Exercise:
Please return exactly the lines from the top of the data through the line that contains "A Boscoreale il", and skip all pictures.

(Data for this exercise)

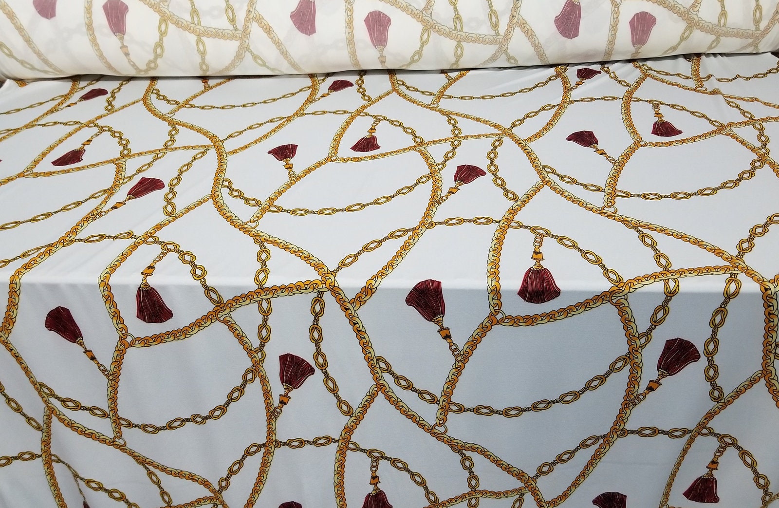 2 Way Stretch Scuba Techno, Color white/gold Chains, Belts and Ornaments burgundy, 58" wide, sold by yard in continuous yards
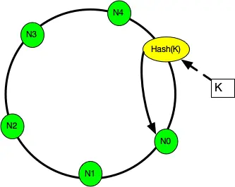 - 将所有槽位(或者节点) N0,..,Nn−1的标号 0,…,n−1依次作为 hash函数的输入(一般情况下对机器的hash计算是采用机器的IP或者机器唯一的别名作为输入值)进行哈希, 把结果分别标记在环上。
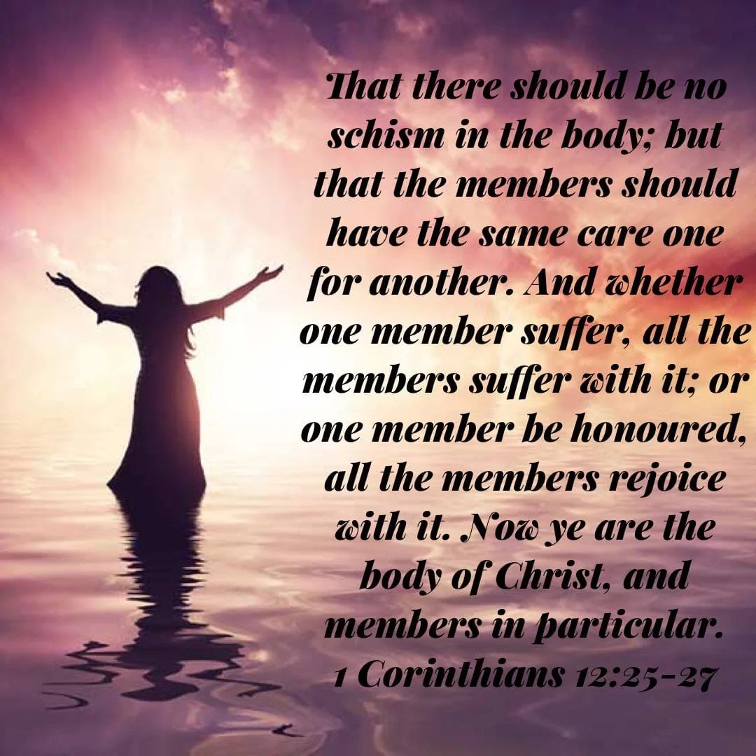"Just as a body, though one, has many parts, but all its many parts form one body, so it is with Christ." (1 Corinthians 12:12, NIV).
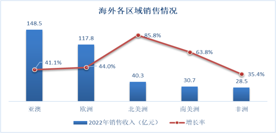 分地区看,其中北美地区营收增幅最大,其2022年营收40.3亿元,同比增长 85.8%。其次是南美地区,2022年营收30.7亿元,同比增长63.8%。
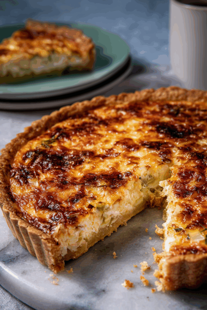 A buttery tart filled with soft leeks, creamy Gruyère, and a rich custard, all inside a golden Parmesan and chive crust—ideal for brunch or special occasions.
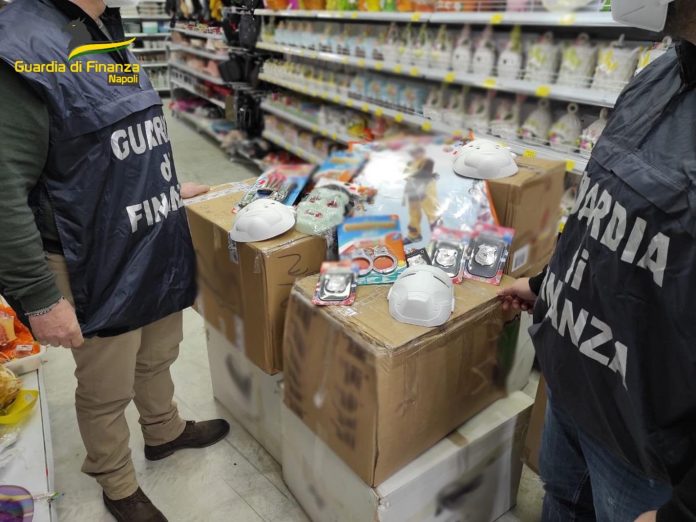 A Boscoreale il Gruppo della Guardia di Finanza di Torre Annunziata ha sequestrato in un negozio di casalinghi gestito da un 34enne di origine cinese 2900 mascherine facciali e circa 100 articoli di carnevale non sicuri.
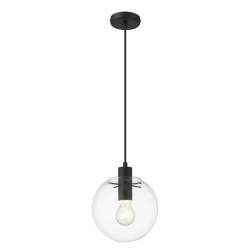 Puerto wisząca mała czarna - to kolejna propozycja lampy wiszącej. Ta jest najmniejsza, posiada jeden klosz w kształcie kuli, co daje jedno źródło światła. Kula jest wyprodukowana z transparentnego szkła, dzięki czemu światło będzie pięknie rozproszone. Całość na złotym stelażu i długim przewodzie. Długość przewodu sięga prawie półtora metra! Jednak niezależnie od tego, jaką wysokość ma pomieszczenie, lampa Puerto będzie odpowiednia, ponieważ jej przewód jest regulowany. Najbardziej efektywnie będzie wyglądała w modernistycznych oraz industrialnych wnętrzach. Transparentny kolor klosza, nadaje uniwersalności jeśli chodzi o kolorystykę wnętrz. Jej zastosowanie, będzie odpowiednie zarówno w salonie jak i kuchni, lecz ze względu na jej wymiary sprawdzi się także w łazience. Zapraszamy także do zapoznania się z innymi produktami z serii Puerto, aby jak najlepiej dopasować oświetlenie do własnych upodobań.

(End Data for this exercise)

Your solution:
 2 Way Stretch Scuba Techno, Color white/gold Chains, Belts and Ornaments burgundy, 58" wide, sold by yard in continuous yards
 - 将所有槽位(或者节点) N0,..,Nn−1的标号 0,…,n−1依次作为 hash函数的输入(一般情况下对机器的hash计算是采用机器的IP或者机器唯一的别名作为输入值)进行哈希, 把结果分别标记在环上。
"Just as a body, though one, has many parts, but all its many parts form one body, so it is with Christ." (1 Corinthians 12:12, NIV).
 分地区看,其中北美地区营收增幅最大,其2022年营收40.3亿元,同比增长 85.8%。其次是南美地区,2022年营收30.7亿元,同比增长63.8%。
 A buttery tart filled with soft leeks, creamy Gruyère, and a rich custard, all inside a golden Parmesan and chive crust—ideal for brunch or special occasions.
 A Boscoreale il Gruppo della Guardia di Finanza di Torre Annunziata ha sequestrato in un negozio di casalinghi gestito da un 34enne di origine cinese 2900 mascherine facciali e circa 100 articoli di carnevale non sicuri.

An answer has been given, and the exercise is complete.